■ Available data:
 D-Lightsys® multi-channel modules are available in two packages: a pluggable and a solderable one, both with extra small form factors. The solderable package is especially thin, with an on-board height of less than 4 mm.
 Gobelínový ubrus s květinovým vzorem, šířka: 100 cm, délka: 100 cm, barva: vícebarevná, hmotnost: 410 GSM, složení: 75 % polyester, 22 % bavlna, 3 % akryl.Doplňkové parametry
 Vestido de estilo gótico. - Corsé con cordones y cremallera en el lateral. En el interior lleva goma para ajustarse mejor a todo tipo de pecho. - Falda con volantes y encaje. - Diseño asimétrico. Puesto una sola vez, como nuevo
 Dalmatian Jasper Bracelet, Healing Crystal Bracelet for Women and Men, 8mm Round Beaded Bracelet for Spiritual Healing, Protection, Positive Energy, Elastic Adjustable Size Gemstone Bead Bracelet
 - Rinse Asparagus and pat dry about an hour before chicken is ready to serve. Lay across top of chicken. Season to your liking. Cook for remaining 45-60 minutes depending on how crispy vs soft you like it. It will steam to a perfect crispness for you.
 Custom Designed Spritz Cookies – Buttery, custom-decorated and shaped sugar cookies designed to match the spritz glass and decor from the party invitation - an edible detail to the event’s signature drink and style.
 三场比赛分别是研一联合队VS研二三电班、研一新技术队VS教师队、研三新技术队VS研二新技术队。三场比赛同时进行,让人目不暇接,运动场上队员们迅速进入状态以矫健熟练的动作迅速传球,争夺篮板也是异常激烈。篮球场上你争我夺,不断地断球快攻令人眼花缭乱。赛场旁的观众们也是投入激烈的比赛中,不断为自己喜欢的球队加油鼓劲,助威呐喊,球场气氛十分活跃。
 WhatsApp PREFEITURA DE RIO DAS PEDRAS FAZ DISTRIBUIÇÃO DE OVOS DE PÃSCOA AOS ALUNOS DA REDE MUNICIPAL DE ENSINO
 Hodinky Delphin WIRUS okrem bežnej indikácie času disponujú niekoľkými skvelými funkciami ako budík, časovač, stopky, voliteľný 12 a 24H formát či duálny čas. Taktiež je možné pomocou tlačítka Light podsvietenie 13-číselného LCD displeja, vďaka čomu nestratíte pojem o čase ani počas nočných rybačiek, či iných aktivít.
---
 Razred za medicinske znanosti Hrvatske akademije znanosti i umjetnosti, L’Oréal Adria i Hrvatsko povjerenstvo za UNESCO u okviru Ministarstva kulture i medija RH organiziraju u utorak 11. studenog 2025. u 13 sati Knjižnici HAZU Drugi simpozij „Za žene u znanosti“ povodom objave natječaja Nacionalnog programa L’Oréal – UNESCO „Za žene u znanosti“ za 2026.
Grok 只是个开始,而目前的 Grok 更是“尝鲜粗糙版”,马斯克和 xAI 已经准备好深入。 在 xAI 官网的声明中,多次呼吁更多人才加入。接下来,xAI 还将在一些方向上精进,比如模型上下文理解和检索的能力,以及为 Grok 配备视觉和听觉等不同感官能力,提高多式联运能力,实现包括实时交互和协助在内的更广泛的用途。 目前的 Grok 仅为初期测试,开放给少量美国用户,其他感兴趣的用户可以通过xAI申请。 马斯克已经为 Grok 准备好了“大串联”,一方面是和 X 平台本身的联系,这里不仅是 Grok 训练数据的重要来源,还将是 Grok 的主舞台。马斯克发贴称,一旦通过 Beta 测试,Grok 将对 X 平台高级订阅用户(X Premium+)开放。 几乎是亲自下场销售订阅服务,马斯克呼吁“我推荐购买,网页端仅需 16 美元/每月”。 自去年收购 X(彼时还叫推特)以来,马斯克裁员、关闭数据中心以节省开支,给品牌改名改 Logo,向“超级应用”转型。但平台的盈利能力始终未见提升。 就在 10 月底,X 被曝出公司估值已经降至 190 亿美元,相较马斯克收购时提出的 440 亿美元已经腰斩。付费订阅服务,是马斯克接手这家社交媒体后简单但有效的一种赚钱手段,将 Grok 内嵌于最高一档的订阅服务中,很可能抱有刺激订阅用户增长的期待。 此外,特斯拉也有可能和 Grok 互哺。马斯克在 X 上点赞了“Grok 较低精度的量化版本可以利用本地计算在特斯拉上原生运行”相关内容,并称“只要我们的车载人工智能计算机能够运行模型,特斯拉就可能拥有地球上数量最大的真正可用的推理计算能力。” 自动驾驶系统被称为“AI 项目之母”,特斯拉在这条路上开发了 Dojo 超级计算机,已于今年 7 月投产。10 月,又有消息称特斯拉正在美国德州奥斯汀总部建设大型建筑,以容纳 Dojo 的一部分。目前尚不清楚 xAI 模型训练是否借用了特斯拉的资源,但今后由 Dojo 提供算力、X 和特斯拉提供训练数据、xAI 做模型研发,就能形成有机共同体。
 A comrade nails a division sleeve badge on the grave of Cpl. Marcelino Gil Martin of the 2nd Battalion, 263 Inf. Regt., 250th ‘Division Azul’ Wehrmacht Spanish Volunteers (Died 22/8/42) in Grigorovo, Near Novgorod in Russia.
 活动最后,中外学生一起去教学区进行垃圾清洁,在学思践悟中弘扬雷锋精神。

■ Your objective:
Within the listing above, give again exactly every line from the line with "D-Lightsys® multi-channel modules" through the line with "Gobelínový ubrus s", both included, and no other line.

■ Answer for this exercise:
 D-Lightsys® multi-channel modules are available in two packages: a pluggable and a solderable one, both with extra small form factors. The solderable package is especially thin, with an on-board height of less than 4 mm.
 Gobelínový ubrus s květinovým vzorem, šířka: 100 cm, délka: 100 cm, barva: vícebarevná, hmotnost: 410 GSM, složení: 75 % polyester, 22 % bavlna, 3 % akryl.Doplňkové parametry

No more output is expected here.